The following indicators were used to evaluate the performance of different models mentioned in Table 10, Table 11, Table 12, Table 13 and Table 14:
A: Percent of 210 prediction instances having a relative error < 50% compared to mine records.
B: Percent of 210 prediction instances having a relative error between 50–100% compared to mine records.
C: Percent of 210 prediction instances having a relative error > 100% compared to the records.
Green color: models with comparatively best prediction results based on indicators and median value.
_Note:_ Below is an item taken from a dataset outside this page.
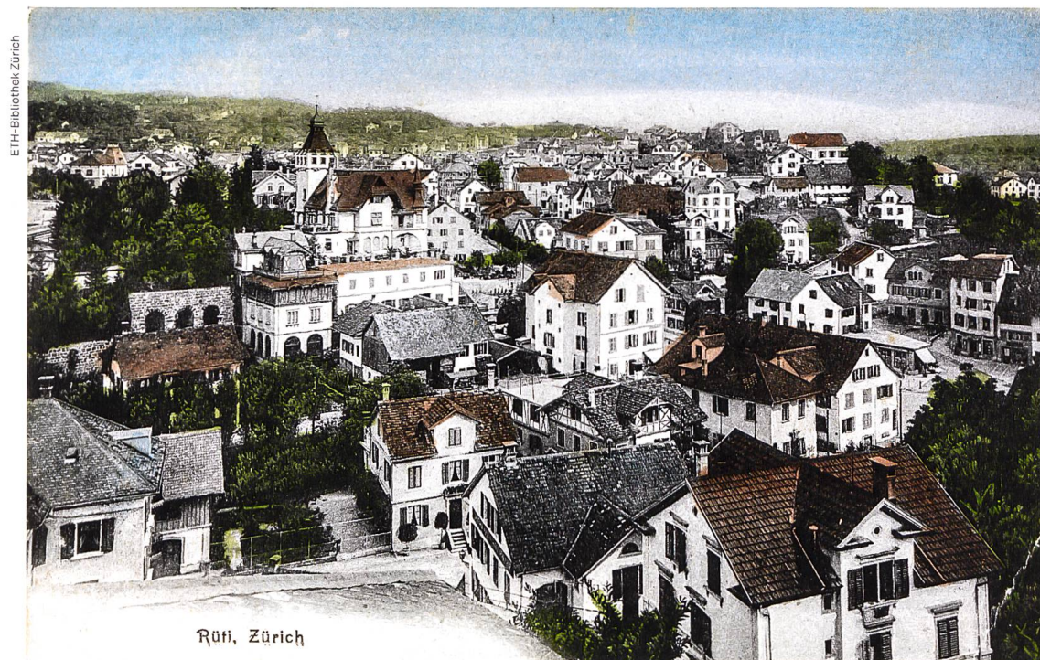
Postkarte von Rüti ZH, vor 1922

Es entbehrt nicht einer gewissen Ironie, dass aktuell starke politische Kräfte das ISOS und den Natur- und Heimatschutz als Ganzes zurückbinden oder gleich abschaffen wollen. Es scheint fast so, als ob das Feld leer geräumt werden müsse, damit sich die Schweiz, die nicht mehr nach aussen wachsen soll, nun nach innen zersiedeln kann. Dass bei diesem politischen Spiel auch nationale und kantonale Planungämter mitmachen, ist mit einer gewissen Erschütterung festzustellen. Sie stehen in der Verantwortung, nicht nur Quantität zu forcieren, sondern für Qualität zu sorgen. So wie es aktuell aussieht, haben einige Ämter und Politiker vergessen, dass man aus der Geschichte auch lernen kann.

Table 10 and Table 11 illustrate that, for both Models 1 and 2, variation V 2 exhibited comparatively superior values for indicator A. However, in the case of Model 2, the prediction results for variations V 1 and V 3 indicated a significant deterioration in indicator A values. Notably, BL2 and BL3 were not included in the testing database for variation V 2 . It is conceivable that BL2 and BL3 experienced significant issues as noted by the mine operator(s) during specific instances, potentially impacting the recorded number of repairs.
Furthermore, as detailed in Table 4 and Table 5, version V 2 comprised the highest number of BSs for training and the comparatively lowest number of BSs for testing.
In contrast to the results observed for Models 1 and 2 as depicted in Table 10 and Table 11, the results for Model 3, presented in Table 12, indicate that variation V 3 exhibits comparatively better values for indicator A than variations V 1 and V 2 . Furthermore, the results for Model 4, outlined in Table 13, reveal that variation V 2 has the lowest value (2.8% for cumulative number of cable cuts) for indicator C. However, the values for indicator A are the highest for variation V 1 .
All variations— V 1 , V 2 , and V 3 —exhibit indicator A values of more than 55% for Model 5, as shown in Table 14, indicating that the generated Model 5 can be utilized for all future operating conditions, rendering it reliable. Furthermore, Table 14 also illustrates that employing only one variable as an output improves predictions compared to models where two variables need to be correlated to the set of inputs.
In summary, considering the gap between the highest and lowest values for indicator A within the prediction results for Models 1 to 5, as detailed in Table 10, Table 11, Table 12, Table 13 and Table 14, it becomes evident that no specific variation of the testing–training dataset (from V 1 , V 2 , or V 3 ) consistently outperforms or underperforms others. Hence, the best-performing models highlighted in green in Table 10, Table 11, Table 12, Table 13 and Table 14 can be employed for specific targeted variables to assess the performance of the conveyor belt in future operating conditions.
Figure 12, Figure 13, Figure 14, Figure 15 and Figure 16 depict the results for all models mentioned in Table 10, Table 11, Table 12, Table 13 and Table 14, indicating that trends were predicted in the majority of cases, while seasonalities were also analogous to records from the mine for most of the belt segments. Instances numbered from 0 to 210 represent comparisons for variation V 1 , whereas instances 211 to 420 represent comparisons for variation V 1 , and instances 421 to 630 account for comparisons for variation V 3 .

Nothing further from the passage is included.